1) every fresh wound is a single wound-awaiting heart
2) the offering/breadth of the spaciousness of the pain-testing breast-- don't ask

Notes:

daa;G : 'A mark burnt in, a brand, cautery; mark, spot, speck; stain; stigma; blemish; iron-mould; freckle; pock; scar, cicatrix; wound, sore; grief, sorrow; misfortune, calamity; loss, injury, damage'. (Platts p.501)

 

((ar.z : 'Presenting or representing; representation, petition, request, address; — Breadth, width'. (Platts p.760)

 

fa.zaa : 'Width, spaciousness, openness, extensiveness (of ground, &c.); an open area, a court, a yard; a spacious tract, a wide expanse of land, a plain'. (Platts p.782)

Gyan Chand:

My breast likes pain and wounds; it tests their intensity. When a new wound of longing occurs, then it becomes a kind of heart that would be waiting for pain. As if each new wound searches for another new wound. How can the expansiveness/scope of such a wound-loving breast be conveyed! (317)

FWP:

SETS == GROTESQUERIE; INEXPRESSIBILITY
TESTING: {4,4}

Raza p. 165; Raza p. 166. S. R. Faruqi's choices. This verse is from a different, unpublished, ham-:tar;h ghazal from 1816, and is included for comparison. In the unpublished ghazal, this was the sixth verse.

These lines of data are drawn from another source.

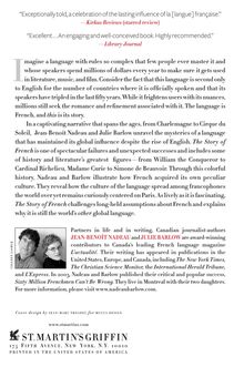 Through this colorful history, Nadeau and Barlow illustrate how French acquired its own peculiar culture, revealing how the culture of the language spread among francophones the world over and yet remains curiously centered in Paris. In fact, French is not only thriving-it still has a surprisingly strong influence on other languages.
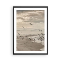Affisch i svart ram - Måsar som svävar över havsstranden under en molnig himmel - 50x70cm - Havets brus, fågelsång - Modern väggdekoration för vardagsrum och sovrum ARTTOR
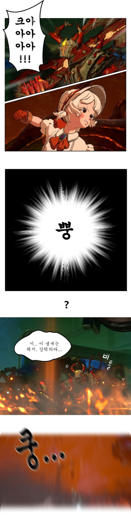 방두식: 솔직히 추첨 보상을 보고 조금 의욕이 생겨서 추억도 만들 겸 스토리가 있는 만화로 재밌게 만들어 보고 싶었습니다. 레이드 보스가 나왔을 때 최대한 안 죽으려고 열심히 피하며 원거리 공격을 하면서 여러 장을 찍었습니다. 잘 나온 사진만 골라서 편집 프로그램에 옮겨서 만화 형식으로 만들어봤습니다. 그 컷 중에 '꾸욱' 누르는 컷을 못 찍어서 직접 손을 그렸습니다.^^
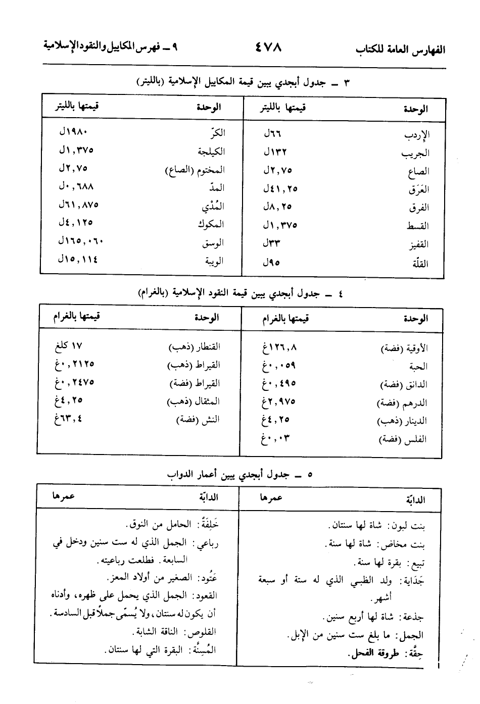 3 - جدول أبجدي يبين قيمة المكاييل الإسلامية (بالليتر)

About noun compounds: This verse displays two sets of compounded nouns, literally 'wound-wait' [daa;G-inti:zaar] and 'pain-test' [dard-imtihaa;N]. These constructions, so versatile and ubiquitous in English ('junk food', 'horse show', 'show horse', 'vacuum cleaner', 'fire hose', 'time machine', 'endurance test'), are uncommon in Urdu. (Cases like :taalib-((ilm are just dropped i.zaafat phrases; a real noun compound would be ((ilm-:taalib ). Ghalib uses such compounded nouns more freely in his early verses, in which he's more willing to warp the syntax of his lines. As in English, the relationship of the two nouns is flexible and must be deduced from the context. More examples: {12,5x}; {40,6x}; {129,5x}; {130,5x}; {145,7x}; {208,10}. (Petrified compound words that have Persian-verb-based second elements are of course another matter, and appear everywhere: consider jigar-sozii and sar-parastii and the like, and the extremely bonded case of dil-chaspii .)

The wordplay with ((ar.z and fa.zaa suggests a vision of the lover's breast as becoming constantly wider and more open (which in principle is of course a virtue). Each wound contributes to the process by literally 'opening up' and exposing a new, formerly inner part, so that the surface area increases. And then each wound itself somehow becomes a whole new heart, ready and waiting for another wound, starting the process all over again in what must quickly become something like a fractal geometry of constantly multiplying wounds and hearts.

Is this grotesque, or what! It reminds me of {62,6} with its vision of many additional blood-spouting eyes.

Anyway, this whole process is so enjoyable that the breast is 'pain-testing'-- because it's constantly looking around for newer and sharper sources of pain, and never gets enough. It could also be that the breast is 'pain-tested', but then the parallelism with the first line (where only 'wound-awaiting' works, and not 'wound-awaited') would be lost. In any case, this such a testing, or tested, heart is well worthy of making, or else of becoming, an 'offering' or a 'presentation' so extraordinary that it's simply inexpressible in words.